Periodontal Disease Prevention and Treatment for Your Canine

Periodontal Disease Prevention and Treatment for Your Canine

Are you a pet owner who isn’t aware that dogs brush teeth? Yes, you’ve read it right; according to our vets, we must brush our pet dog’s teeth at least thrice a week as they likewise develop plaque and even tartar, similar to human beings, because why not? The pet dog’s teeth have the very same function as human beings, and the very same danger applies to them as well. Here is some knowledge of a severe illness they can get if their teeth aren’t managed well.

What is Periodontal Disease?

Periodontal illness in dogs is prevalent, and it is an infection of the periodontium, which is the structure of the teeth tissues. This illness slips below the gum area; noticeable indications are not noticeable most of the time and are due to the germs in the mouth that harms the bones, gums, and other structures of the teeth. It also brings pain and secondary impact on vital organs if not addressed. Those organs include the heart, kidneys, and possibly the liver, With these conditions, only an internal medicine vet can help you treat your dog.

Is this a common disease?

In a research study, more than two-thirds of pet dogs struggle with some degree of this illness, making it very common to affect them. Every dog is at risk for this illness, but the smaller-sized breed has a greater possibility of getting it because smaller-sized teeth trap traces of food without difficulty. When combined with saliva and bacteria that occupy the mouth, food within the teeth causes tartar and dental plaque.

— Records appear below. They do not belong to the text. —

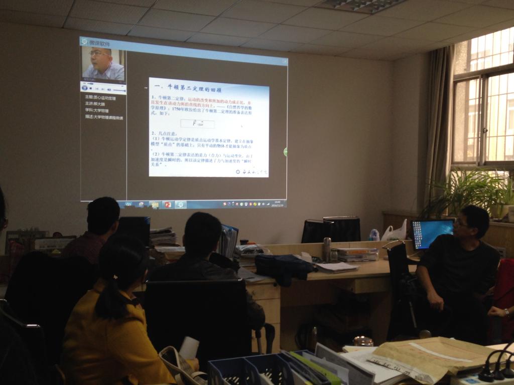 11月18日下午2:30,澳门pg官方电子平台物理教研室在教学北楼215室召开了主题为“微课培训”的教研活动,参加此次活动的有澳门pg官方电子平台副院长丁琦、物理教研室主任郝大鹏、副主任韩鹏斌及物理教研室全体老师,同时还邀请了督导办史历、能源与建筑学院杜鹃、数学教研室韩慧蓉等教师参加。
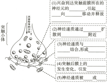 5.× 提示:神经递质有兴奋性和抑制性两种,其作用于突触后膜会使下一个神经元兴奋或抑制。
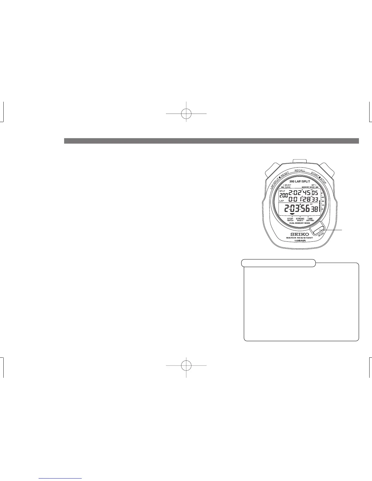 Single memory mode ..... Up to 300 lap/split time data can be stored and recalled either
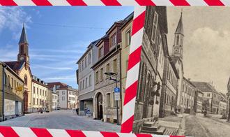 Dabei werden den historischen Ansichten jeweils Aufnahmen von 2020 - vor dem Umbau der Bahnhofstraße und von 2023 gegenübergestellt. Eine Videoaufnahme von Mai 2020 dokumentiert darüber hinaus den Zustand der Straße aus der Vogelperspektive.
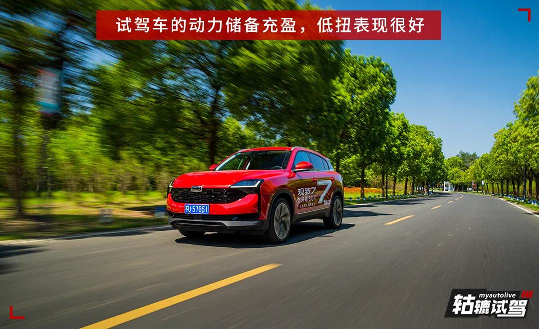 这款发动机的表现正如轱辘哥所料,拉动观致7非常轻松,在舒适和运动驾驶模式下加速超车都很从容,并且得益于发动机在低扭区间内的动力输出比较灵敏,车辆在低速行驶时进行加速还会展现出强劲的动力性能,运动模式下轻踩油门甚至会突然窜出去。
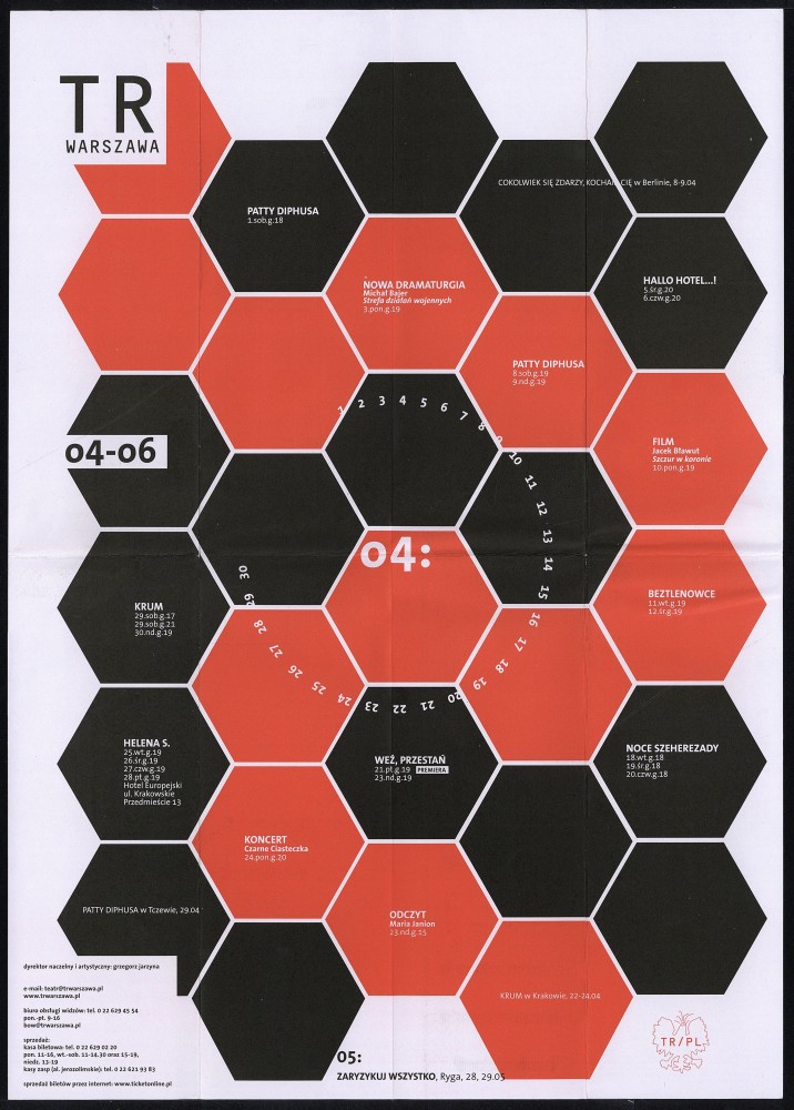 Repertuar Teatru Rozmaitości z sezonu 2005/06 - kwiecień Obiekt Repertuar Teatru Rozmaitości z sezonu 2005/06 - kwiecień Udostępnij Kategoria: repertuar grafik: Grzegorz Laszuk Ilość stron: 2 Data: 1 kwietnia 2006 Język: polski Właściciel dokumentacji: TR Warszawa Licencja: CC 2.0 Warunki udostępniania: Warunki typowe Osoby 0001 Grzegorz Laszuk Grzegorz Laszuk grafik Osoba
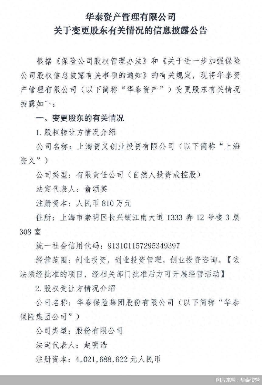北京商报讯(记者 胡永新)6月20日全国前三配资公司,华泰资产管理有限公司(以下简称“华泰资管”)发布公告称,上海资义创业投资有限公司(以下简称“上海资义”)拟将其持有的5460万股(比例9.09%)华泰资管股权转让给华泰保险集团股份有限公司(以下简称“华泰保险集团”)。股权变更后,上海资义不再持有华泰资管股权,华泰保险集团公司持股比例将增至100%。上述变更股东事项待国家金融监督管理总局上海监管局批准后生效。
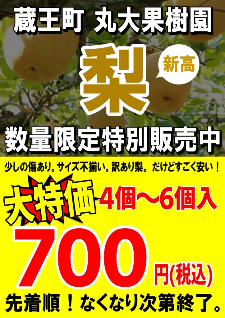 10月11日(土)~、蔵王町丸大果樹園さんの梨を販売いたします。

Causes of Periodontal Disease

Plaque build-up and tartar in the teeth caused by poor oral hygiene can result in a pet dog’s gingivitis, which is the early stage of gum illness. In the early stages of gingivitis, light inflammation in the gums and some plaque are present. And when it advances, there are inflamed gums, loose teeth, and gum bleeding when brushing; This could cause gum disease if left without treatment.

How can it be prevented?

There is no other way to stop it but to brush their teeth on a regular basis. If you can do it as often as once a day, the better; however, the minimum would be thrice a week. They may also go through dental prophylaxis for deep cleansing, which experts recommended may do once a year, or better yet, look into enrolling your pet dog in a facility like Franklin Animal Hospital that offers a range of medical services that your dog needs.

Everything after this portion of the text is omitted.